Currently I can read and understand the DeclROM parts with my own code, and I see the ROM header with the checksum and version info, but I presume there's a list structure of some sort with the ROM data?
 

Arbee

Well-known member
I searched for the tables mostly by disassembling the machine ID routine in each ROM. The structure is in the SuperMario tree in the file OS/UniversalTables.a. There are multiple versions of the tables, but the newer ones thankfully mostly just add fields rather than changing what existing ones mean.
 

gm_stack

Member
I ended up "borrowing" some of this code to make a Ghidra plugin that uses this info to mark up a ROM file you have loaded into it with symbols, references, labels and comments. It's by no means finished though...

(I'll start a new thread when I've got something decent in Ghidra , not trying to hijack this one!)

 

Arbee

Well-known member
I ended up "borrowing" some of this code to make a Ghidra plugin that uses this info to mark up a ROM file you have loaded into it with symbols, references, labels and comments. It's by no means finished though..
That’s cool. Ghidra is rough for 68k Mac stuff with it not knowing traps aren’t illegal instructions and stuff like that. Plug-ins definitely help a lot though.
 

gm_stack

Member
It doesn't entirely deal properly with the many versions of the Universal info structs over time so some machines show addresses for things they don't have (the IIci shows IOPs, and systems without built-in video show garbage for the frame buffer address).

Take a look in the machine-specific info table - read the 32 bit value at 0x18 offset into the table (decimal 24). (and remember which end of the bits is 0 and which is 31... I got that wrong the first time.)

It's a 32 bit field of which addresses in the decoder's base address table are actually valid for that particular machine.

In the ROM which you've called "Quadra 800 and friends (later)" - both the IIci (which has two entries in the list anyway, 0x3718 and 0x3758) and IIsi (0x37d8) point to the same MDU table at 0x3348.

This table defines SWIMIOP at 0x50f1e020 and SCCIOP at 0x50f0c020.

However all of those machines have the bit for that address in that field at 0x18 set to 0.

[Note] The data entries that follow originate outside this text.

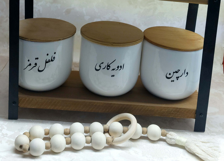 این ست سهتایی شامل ظروف سرامیکی سفید با طراحی ساده و مینیمال است که نوشتههای فارسی روی بدنه، جلوهای خاص و کاربردی به آشپزخانه شما میبخشند. دربهای چوبی با طراحی طبیعی، زیبایی و اصالت را به این مجموعه اضافه کردهاند.
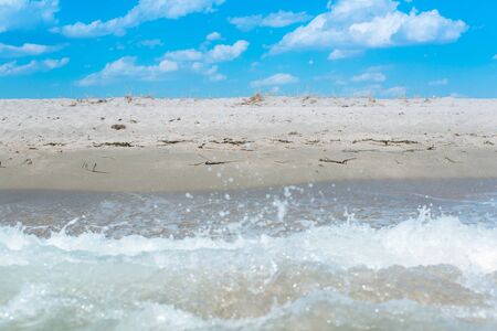 Sunny day on the beach. Wide sandy beach, beautiful blue sea, seagull, and cloudy sky on background
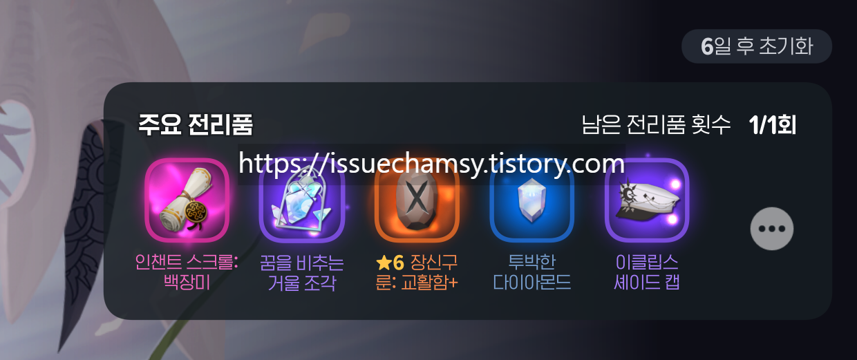 | 꿈을 비추는 거울 조각(레이드 재화) | 1개 | |
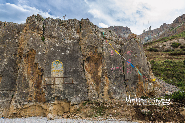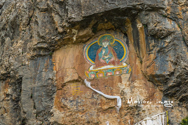 仔細一看,不少石壁上經當地的藏民之手畫上了一幅幅栩栩如生的壁畫。人物形態惟妙惟肖,色彩艷麗線條穩重。問了下當地人,才得知這里的石林在形成的過程中遭遇了青藏高原抬升造成的缺水、干旱,水蝕過程未能完成,而是經過漫長的風蝕后,形成了現在這樣的獨特風貌。
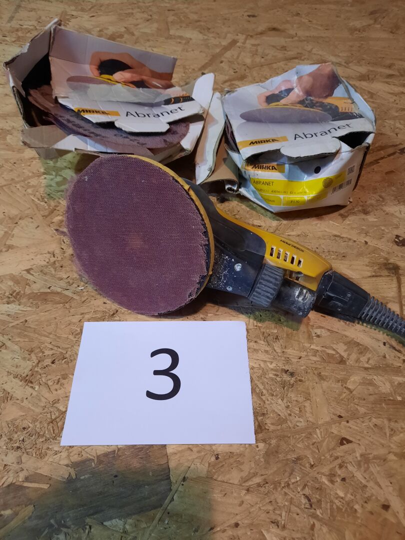 Ponceuse orbitale filaire MIRKA, modèle DEROS 125 mm On joint : Petit stock de disques abrasifs
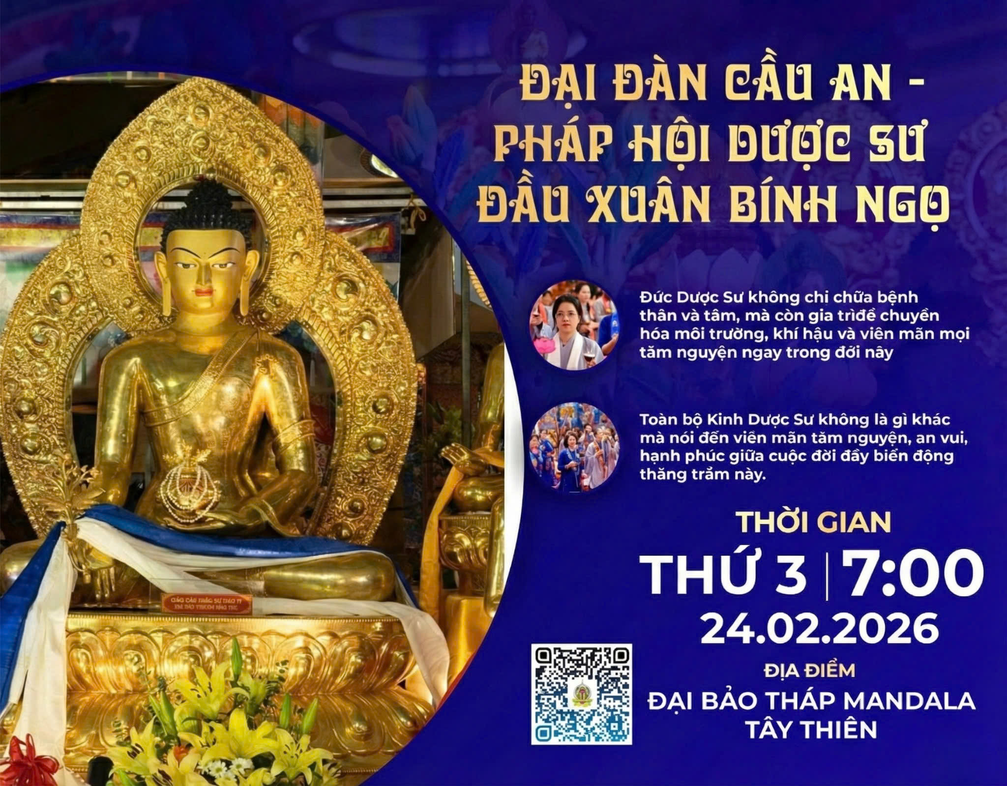 | Sáng hôm nay, tại Đại Bảo Tháp Mandala Tây Thiên, Đức Pháp Vương Gyalwang Drukpa chủ trì Đại lễ An Vị Xá Lợi Phật. Đích thân Ngài an vị Xá Lợi Phật và tôn tượng Phật hơn 1000 năm tuổi lên tầng thứ 7 của phần 13 vòng ở phía trên mắt Phật. Khi Đức Pháp Vương chuẩn bị an vị các Pháp bảo, tiếng sấm đã vang lên cùng với mưa hoa cát tường. Vào buổi chiều, Đức Pháp Vương Gyalwang Drukpa cùng chư Tăng Ni đã cử hành khóa lễ cúng dàng Kim Cương Hộ Pháp để khiển trừ chướng ngại, cùng với đó là vũ điệu Kim Cương Hộ Pháp bởi chư Tăng để tịnh hóa môi trường và ban gia trì cho đàn tràng cùng các Phật tử có mặt. (ảnh: Drukpa Việt Nam và VNExpress) | This morning, His Holiness the Gyalwang Drukpa presided over the grand ceremony for the final consecration the Tay Thien Grand Mandala Stupa. His Holiness personally placed the Buddha's relics and an ancient Buddha statue (dated over 1000 years ago) into a shrine in the 7th ring of the squire, and taught that from now on the Stupa will have the complete blessings of the Buddhas and will spread it to the rest of Viet Nam. When His Holiness was about to place the precious treasures into the shrine, a series of thunder could be heard across the sky, followed by flower rain. The afternoon program included masked dance and a prayer to ward off obstacles. |

(There is an entry for the IIfx in this ROM which would have them, and it has addreses defined in the FMC address decoder info table, but it has all the bits in the 0x18 field set to 0 - however I think this ROM probably can't boot that machine anyway. )
 

gm_stack

Member
And with a bit of a further look into what's going on in GetHardwareInfo, there's also a number of functions that determine whether certain bits of hardware are there or not - at the defined addresses, and turn them off if not. So even having the address defined and the bit set is no guarantee.
 

marciot

Well-known member
Can't tell if the dev note means the ROM can be no more than 1MB, or just that it is 1MB (which it is). But the following from the Q900 Dev Note is interesting. The ROM chapter clearly, and repeatedly, seems to state that the Q900 ROM is perfectly able to run older Macs that are supported by the Universal ROM.

View attachment 63088

I recently came across a trove of interesting documents on Internet Archive. One of the documents seems very relevant to this thread. It is an internal document from Apple, published in 1989, documenting an effort to clean up and consolidate the ROM codebase into a single Universal ROM. It's a nice little discussion of what they were working to improve and a nice rundown of issues with prior releases:


Given the date of the document, and the fact that those machines are not mentioned, I suspect the document is talking about work that was being done for the IIci and IIfx.